Community Corner

City's Vacancies Hidden Behind Four Walls

Long Beach property manager, broker say office market remains stable.


Beyond the vacant storefronts on Park Avenue for all of Long Beach to see are the empty office spaces that go unseen behind corridor walls.

Anthony Ponte, owner of Premier Property Management, is trying to fill a few of those spaces at 100 W. Park Ave, at the corner National Boulevard, a 15,000-square-foot, three-story building that houses Bob’s Natural Foods, AT&T, Beach Nails, Denis Kelly’s law firm and 20 office suites. Ponte has just three vacancies to fill there, and he and a broker call a stable commercial office market.

“Long Beach is a very hot area,” Ponte said. “It’s such a strong rental market now. Everyone wants to be near the beach.”

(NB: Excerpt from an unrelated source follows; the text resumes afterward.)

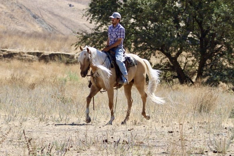 ONLINE AUCTION Place your bids at www.PlatinumEquineAuction.com Starting Bid $3500 Auction ends October 13th, 2024 Need a new saddle? Check out White Rock Saddles on our website or Facebook! Longhorn Ranch is proud to present I’m A Smooth Trigger aka Trigger , a stunning APHA 15.2 hand 2020 palomino gelding whose long, lustrous mane flows like golden silk in the breeze. If you’ve been searching for that perfect horse to complement your adventures, look no further Trigger has a gentle nature and playful personality, he’s not just easy to be around; he’s also a reliable companion whether you’re on the ranch gathering cows or navigating through diverse terrains. His smooth gaits make every ride a pleasure as he transitions effortlessly from trot to canter and back again with an elegant collected headset that speaks volumes of his training. Imagine him strutting proudly in English tack at the arena or trotting along scenic trails you’ll see heads turn wherever you go! And let’s not forget about his potential; with those graceful strides and calm disposition, who knows? He could even shine as a barrel horse if you’re feeling adventurous! Trigger adapts beautifully to any environment, making him suitable for both pasture life and stall living while handling time off like a champ. In busy traffic situations or alongside pedestrians, he remains unflappable cars and semis are nothing but passing sights to this impressive boy. So if you’re looking for that long-term partner who embodies both poise and charm in equal measure, Trigger is absolutely your man. He hauls great easy to clip tie and bath. Please contact Longhorn Ranch Dina 831-537-1915 Located in Paicines, CA. ONLINE AUCTION Place your bids at www.PlatinumEquineAuction.com Starting Bid $3500 Auction ends October 13th, 2024 Need a new saddle? Check out White Rock Saddles on our website or Facebook!

The owners of 100 W. Park, who Ponte described as group of Long Beach investors, acquired the property last year through a court-order foreclosure, and Ponte has managed the building for the past three months. The three units he looks to fill include a 450-square-foot former Pilates studio for lease at $1,150 a month; a 650 square-foot unit for $2,000; and a 160-square-foot unit at $500; all with utilities included.

Renovations are coming to the building that was originally developed as an apartment in 1962. The roof will be refurbished and feature a skylight, the exterior will get a power washing, and the gray corridors and stairwell will be modernized. “When this building is done it will be Long Beach’s best office building,” Ponte promised.  

The tenants range from several psychologists, attorneys, a real estate broker, a chiropractor, a marketing consultant, among others. Most have rented there for a decade or more, Ponte said.

Joseph Pontecorvo, a broker at Prudential Douglas Elliman on West Park Avenue, said that the trend in the office market has involved more people moving their commercial offices into their homes while many others with home offices are seeking larger spaces at commercial buildings.

“I think it’s just a cycle in which some people’s businesses slow down, so they try to regroup and have gone back into their homes, whereas other businesses in their homes are trying to take one step up into their offices,” Pontecorvo said.

People are finding value in a rental market that is “a little soft,” Pontecorvo added, with leases for commercial offices, virtually all of which are on Park Avenue, ranging from about $700 a month for a one-room unit to about $2,500 for an 1,000- to 1,200-square-foot office with three rooms and a waiting area.

Another trend he sees is that accountants or others with similar office-based business are moving out of their homes to share commercial spaces. This co-opting is occurring among retail businesses in town, too.

Meanwhile, Ponte, an Atlantic Beach resident who was a broker for six years with Coldwell Banker in the West End before he established his management company, said he looks to acquire more buildings in Long Beach. This will add to the 48,000 square feet of property he already manages, from a multifamily property at 644 E. Broadway, a commercial retail building in Brooklyn, and a mixed-use property in Hewlett.

He said he and his associates try to manage each property as if it were their own. “A lot of buildings are undermanaged,” he said, “not only in that things aren’t kept clean to make everyone happy, but also they don’t keep the energy costs down.”